Часто писал Вишневский руководству флота о недостатках нашей пропаганды. Он отмечал «налет казенщины», бичевал «выступления по шпаргалке» и ратовал за смелый, прямой, откровенный разговор, которого ждут фронтовики...

В эту пору у нас установились крепкие связи с руководителями Советской Эстонии И. Лауристином, А. Веймером, Н. Каротаммом, Г. Абельсом, З. Пяллем... Всего год назад освобожденные из буржуазных тюрем, они стали во главе молодой республики. Рядом с ними были молодые коммунисты. Иван Кэбин возглавлял отдел печати Центрального Комитета. Он был рад нашему участию в местной печати и нашей помощи. Вместе с Вишневским они разработали план печатной и устной пропаганды в условиях фронтового города.

Оперативность, быстрый отклик на события — вот что было характерно для Вишневского.

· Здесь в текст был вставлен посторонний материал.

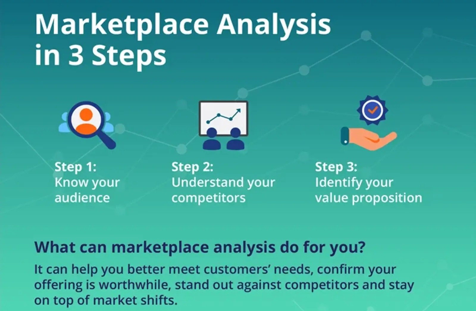 View this infographic to learn how a marketplace analysis can help grow your business by knowing your audience, understanding competitors and identifying your value proposition.
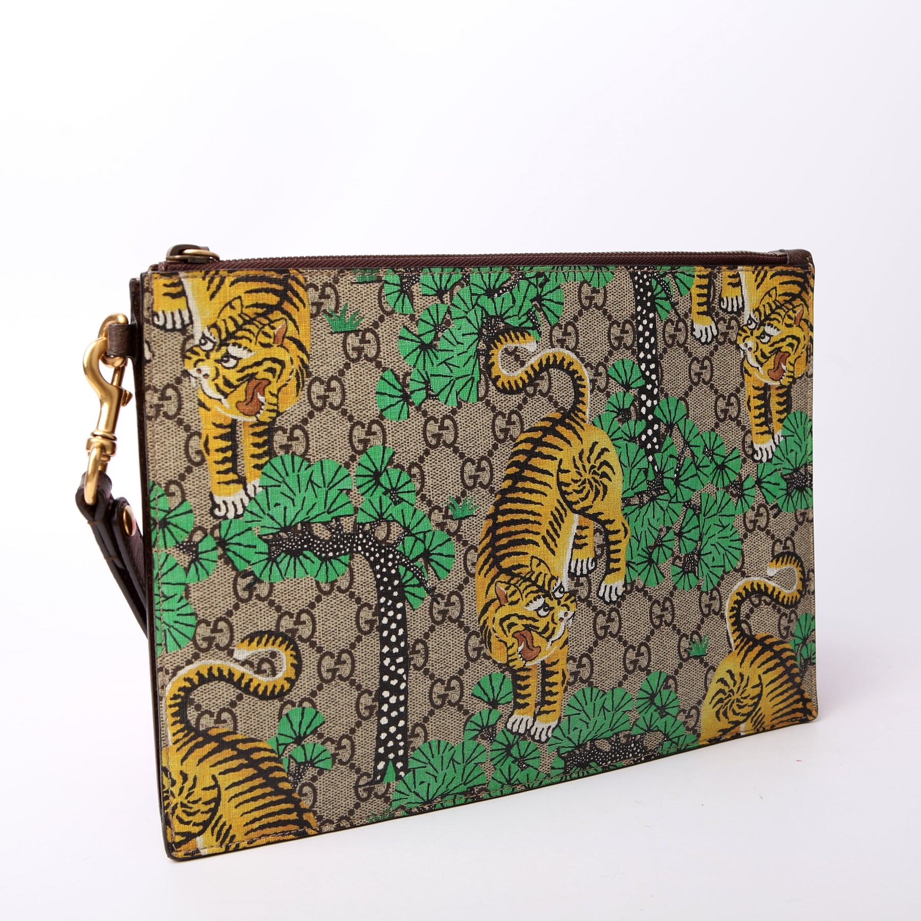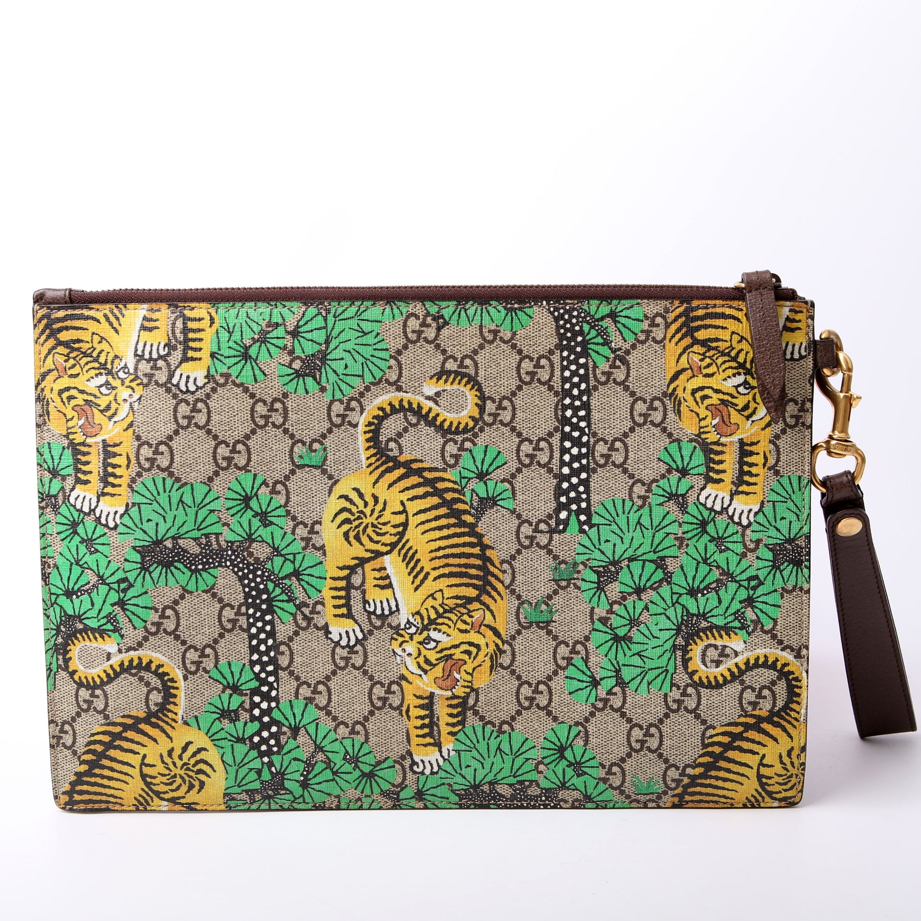 This pre-owned Gucci GG Supreme Bengal Wristlet is guaranteed 100% authentic.
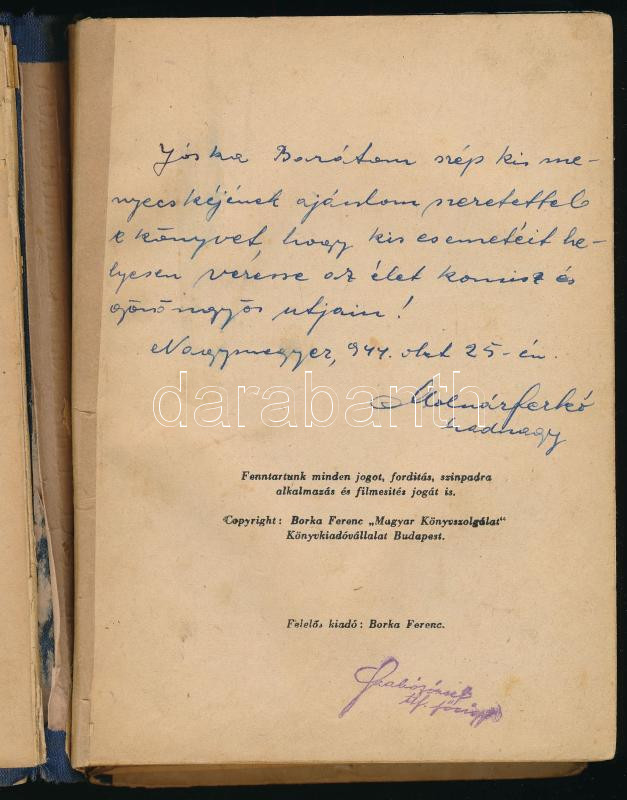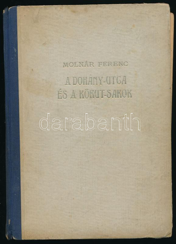 Molnár Ferenc: A Dohány-utca és a Körút-sarok. - - "aszfaltregénye." Bp., [1943], Borka Ferenc "Magyar Könyvszolgálat, 222 p. Névrokon Molnár Ferkó 1944. októberi ajándékozási soraival. Kiadói félvászon-kötés, kopott, foltos borítóval, sérült kötéssel, a könyvtest javított és részben elvált a borítótól, kissé foltos lapokkal.
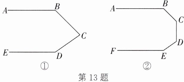 13.(1)如图,过点C作CF//AB,则∠1 + ∠B = 180°.
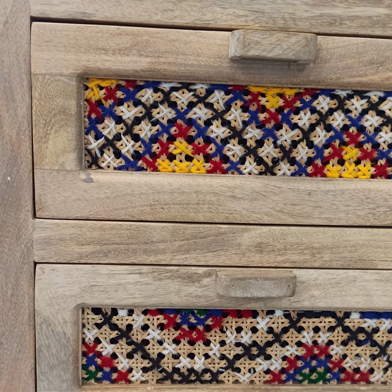 Vous admirerez le cannage multicolore sur la façade de notre table de chevet Massaï 2 tiroirs. Son côté folk et la minutie de sa réalisation ajoutent un dynamisme unique.
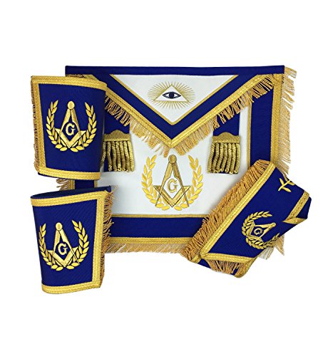 -. Title : Masonic Master Mason Apron Set Gold Apron, Collar and gauntlets

На исходе первого месяца войны в газетах публикуются его обзорные статьи, полные бодрости и оптимизма. Указом Президиума Верховного Совета СССР введен Институт военных комиссаров — Вишневский пишет статью «Балтийские комиссары», вспоминая прошлое, роль комиссаров на флоте в гражданскую войну. И в каждой его статье либо устном выступлении красной нитью проходит главная мысль: «Мы победили в гражданскую. Мы и в Отечественную выйдем победителями. Нужны терпение, выдержка, мобилизация всех душевных и физических сил...»

Статья Вишневского «Что видел и знает старый Таллин», [38] опубликованная в газете «Советская Эстония» на целую полосу, стала ценным материалом для пропагандистов.

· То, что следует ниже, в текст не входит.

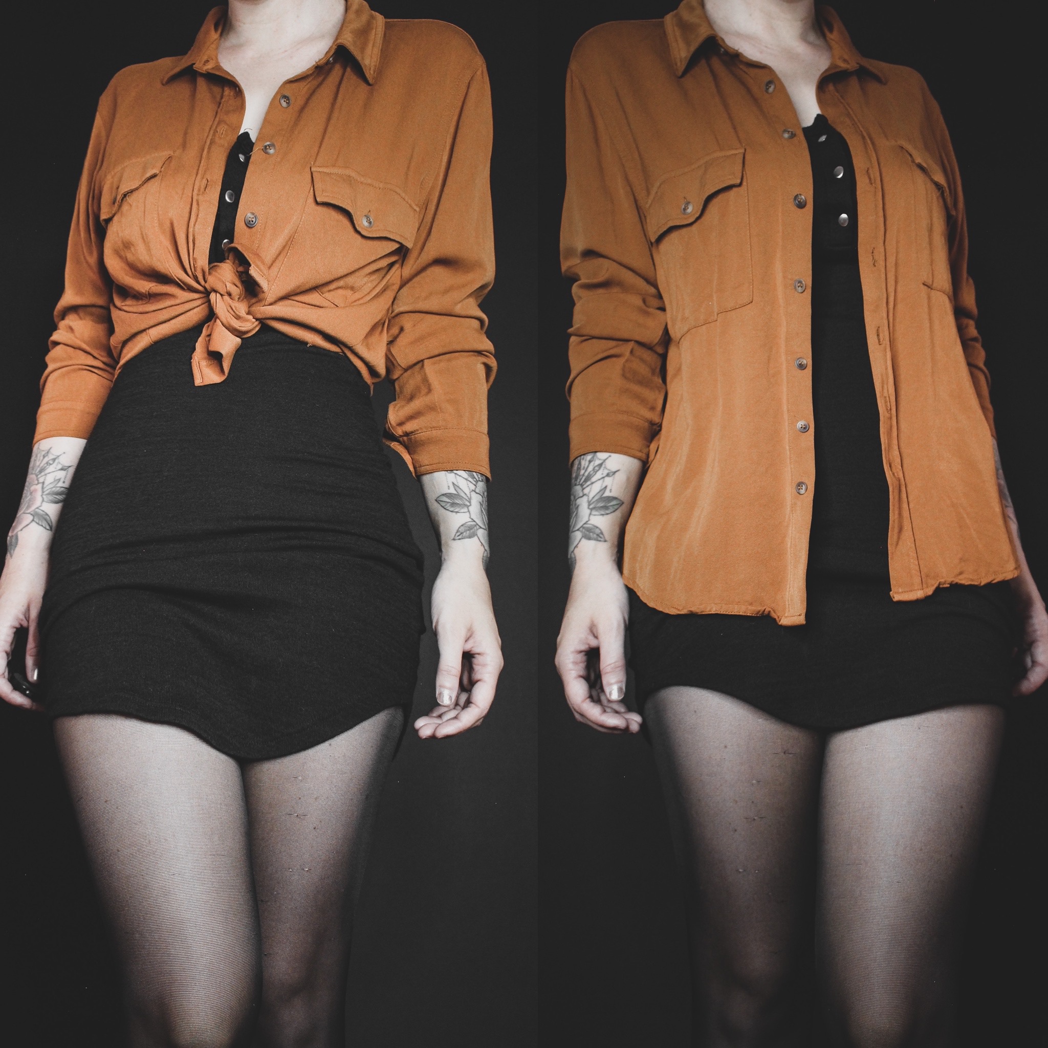 Vintage 90s mustard-orange blouse. Not quite cropped but not quite standard length. Super cute tucked into high waisted bottoms or knotted at the waist. Super soft, flowy, lightweight and perfect for warm weather. Functional buttons down the front and functional breast pockets. Boxy cut, no stretch but the fabric does have a bit of give.
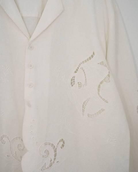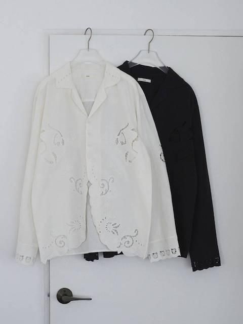 カットワーク刺繍が目を惹くインド製の開襟シャツ。袖と前身に大きく刺繍柄を入れ、これだけでコーディネートに華を添えます。スカラップ刺繍で仕上げた襟と裾もポイント。インド製ならではの繊細なディテールが、袖を通すだけで気分を高めてくれる一枚。オーバーなサイズでラフに仕上げ、こなれた抜け感を演出。シンプルなボトムとのコーディネートはもちろん、バイカーパンツを合わせたモードな着こなしや、春夏の羽織りとしてもおすすめの一着。

«Многое видели древние стены Таллина... — писал он. — Видели они века борьбы упорного, стоического народа против надменных, беспощадных, хитрых и коварных немецких колонизаторов, слышали стоны сжигаемых на кострах людей, плач обесчещенных женщин, плач сирот. Эстонцы не уступали своих земель, своего очага, своей независимости. Восстания против немецких захватчиков шли по всей Эстонии. Свободолюбивые эсты не смущались тяжелым вооружением рыцарей, латами, кольчугами, шлемами, копьями, мечами, плотным сомкнутым, клинообразным строем врагов... Эсты шли и бились, имея рядом союзников: русских».

Именно в дни нараставшей битвы своевременно было напомнить о том, что всегда «рядом, плечом к плечу с эстонским народом, век за веком шел русский народ. Он шел к тем же целям: царя, шайку помещиков, баронов — долой! Восстания эстов и русских против их вековых угнетателей вспыхивали одновременно».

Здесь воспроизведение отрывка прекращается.